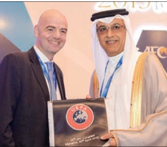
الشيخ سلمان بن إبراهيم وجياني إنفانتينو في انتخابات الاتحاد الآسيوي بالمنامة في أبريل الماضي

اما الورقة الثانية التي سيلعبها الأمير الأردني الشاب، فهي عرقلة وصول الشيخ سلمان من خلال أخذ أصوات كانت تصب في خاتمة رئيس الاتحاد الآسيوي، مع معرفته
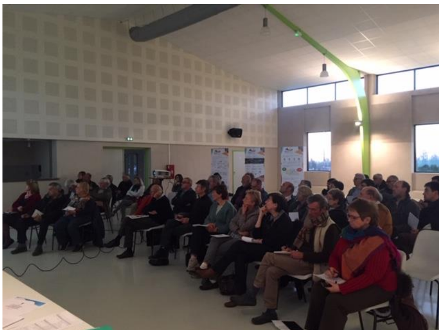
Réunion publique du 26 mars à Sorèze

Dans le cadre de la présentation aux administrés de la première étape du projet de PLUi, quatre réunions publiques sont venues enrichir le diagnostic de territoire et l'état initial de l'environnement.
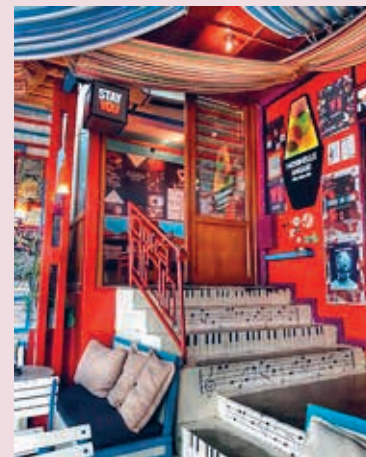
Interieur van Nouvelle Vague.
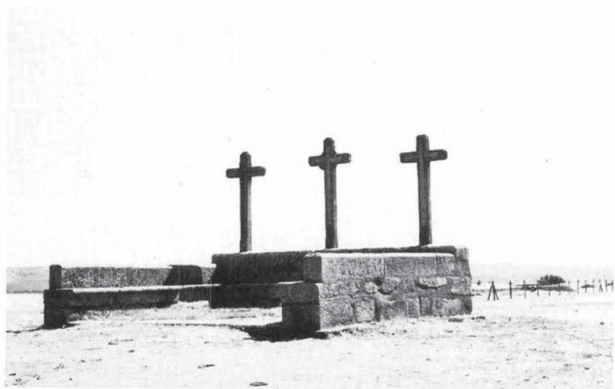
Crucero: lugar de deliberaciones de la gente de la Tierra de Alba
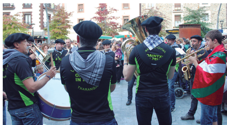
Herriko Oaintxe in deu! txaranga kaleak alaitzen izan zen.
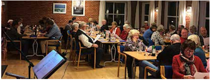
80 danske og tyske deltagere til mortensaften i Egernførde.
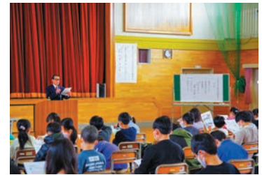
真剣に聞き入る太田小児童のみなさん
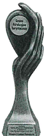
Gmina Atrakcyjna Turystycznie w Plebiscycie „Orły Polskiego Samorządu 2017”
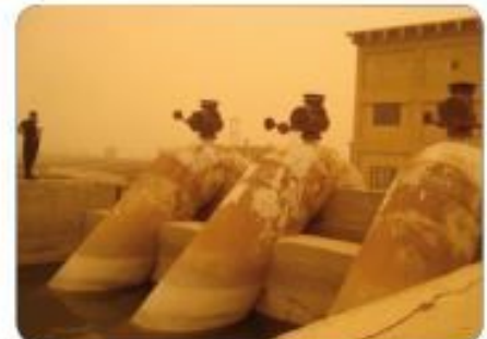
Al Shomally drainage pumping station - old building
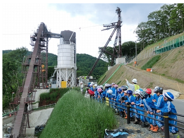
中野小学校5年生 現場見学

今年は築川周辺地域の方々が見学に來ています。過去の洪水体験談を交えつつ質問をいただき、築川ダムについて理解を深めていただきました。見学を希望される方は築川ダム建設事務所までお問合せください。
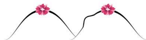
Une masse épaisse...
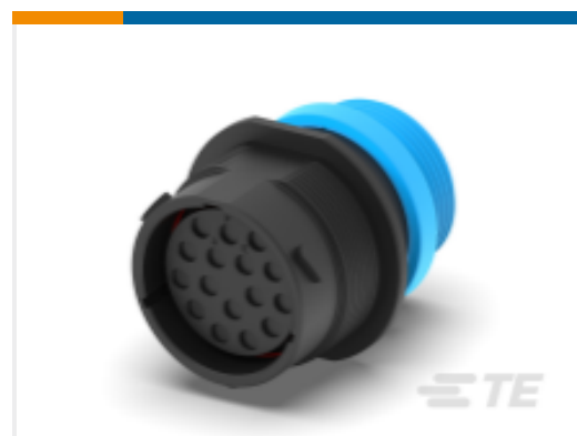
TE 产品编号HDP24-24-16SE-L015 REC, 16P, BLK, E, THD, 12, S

++++++

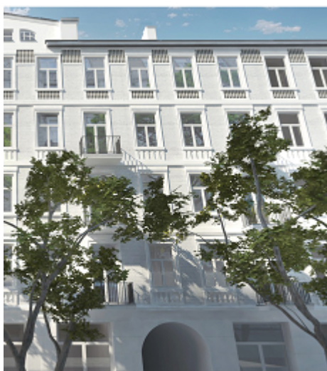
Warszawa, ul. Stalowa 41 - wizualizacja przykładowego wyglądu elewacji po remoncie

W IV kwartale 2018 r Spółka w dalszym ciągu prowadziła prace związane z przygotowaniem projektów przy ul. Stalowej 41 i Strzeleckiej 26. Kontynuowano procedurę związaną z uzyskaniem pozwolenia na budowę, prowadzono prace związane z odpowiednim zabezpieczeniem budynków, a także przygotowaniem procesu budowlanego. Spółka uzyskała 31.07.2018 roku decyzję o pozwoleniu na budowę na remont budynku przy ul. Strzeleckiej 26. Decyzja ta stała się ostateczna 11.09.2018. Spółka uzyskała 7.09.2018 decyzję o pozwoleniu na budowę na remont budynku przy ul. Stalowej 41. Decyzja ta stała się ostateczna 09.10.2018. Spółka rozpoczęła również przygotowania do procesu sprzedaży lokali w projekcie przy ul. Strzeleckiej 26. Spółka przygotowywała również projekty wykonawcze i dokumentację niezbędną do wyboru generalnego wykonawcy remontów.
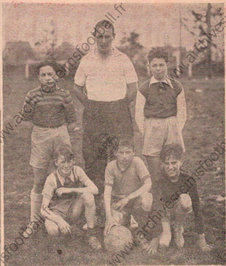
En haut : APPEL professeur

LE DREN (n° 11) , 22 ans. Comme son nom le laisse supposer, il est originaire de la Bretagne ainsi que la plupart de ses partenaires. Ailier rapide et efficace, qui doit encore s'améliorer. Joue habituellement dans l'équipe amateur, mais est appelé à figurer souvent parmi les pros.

++++++

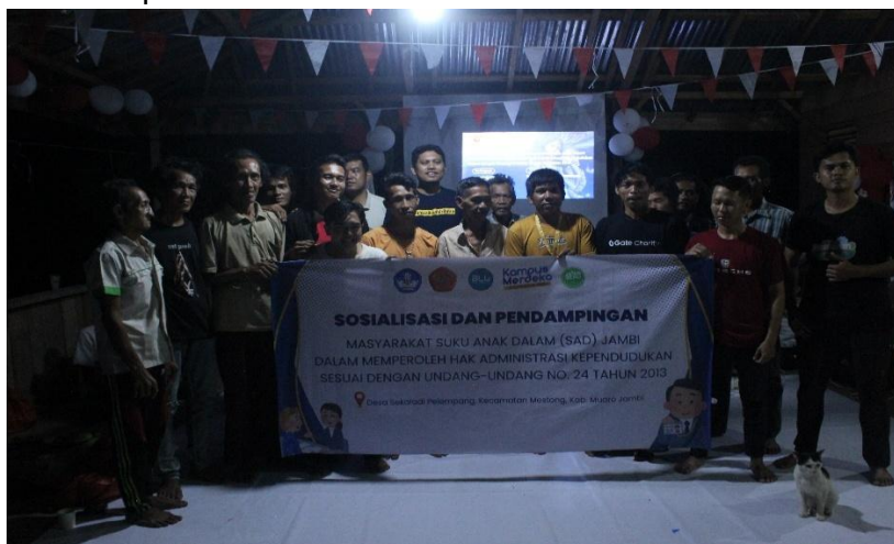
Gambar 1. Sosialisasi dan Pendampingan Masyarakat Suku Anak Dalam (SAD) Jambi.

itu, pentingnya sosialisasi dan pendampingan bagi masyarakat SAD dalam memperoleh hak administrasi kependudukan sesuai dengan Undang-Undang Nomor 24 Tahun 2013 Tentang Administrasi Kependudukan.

++++++

Out of the records above, set down only the lines from the one that contains "Interieur van Nouvelle Vague." through the one that contains "TE 产品编号HDP24-24-16SE-L015 REC, 16P, BLK, E, THD, 12, S", unchanged and without the pictures.

#### [Response to the task]
Interieur van Nouvelle Vague.
Crucero: lugar de deliberaciones de la gente de la Tierra de Alba
Herriko Oaintxe in deu! txaranga kaleak alaitzen izan zen.
80 danske og tyske deltagere til mortensaften i Egernførde.
真剣に聞き入る太田小児童のみなさん
Gmina Atrakcyjna Turystycznie w Plebiscycie „Orły Polskiego Samorządu 2017”
Al Shomally drainage pumping station - old building
中野小学校5年生 現場見学

今年は築川周辺地域の方々が見学に來ています。過去の洪水体験談を交えつつ質問をいただき、築川ダムについて理解を深めていただきました。見学を希望される方は築川ダム建設事務所までお問合せください。
Une masse épaisse...
TE 产品编号HDP24-24-16SE-L015 REC, 16P, BLK, E, THD, 12, S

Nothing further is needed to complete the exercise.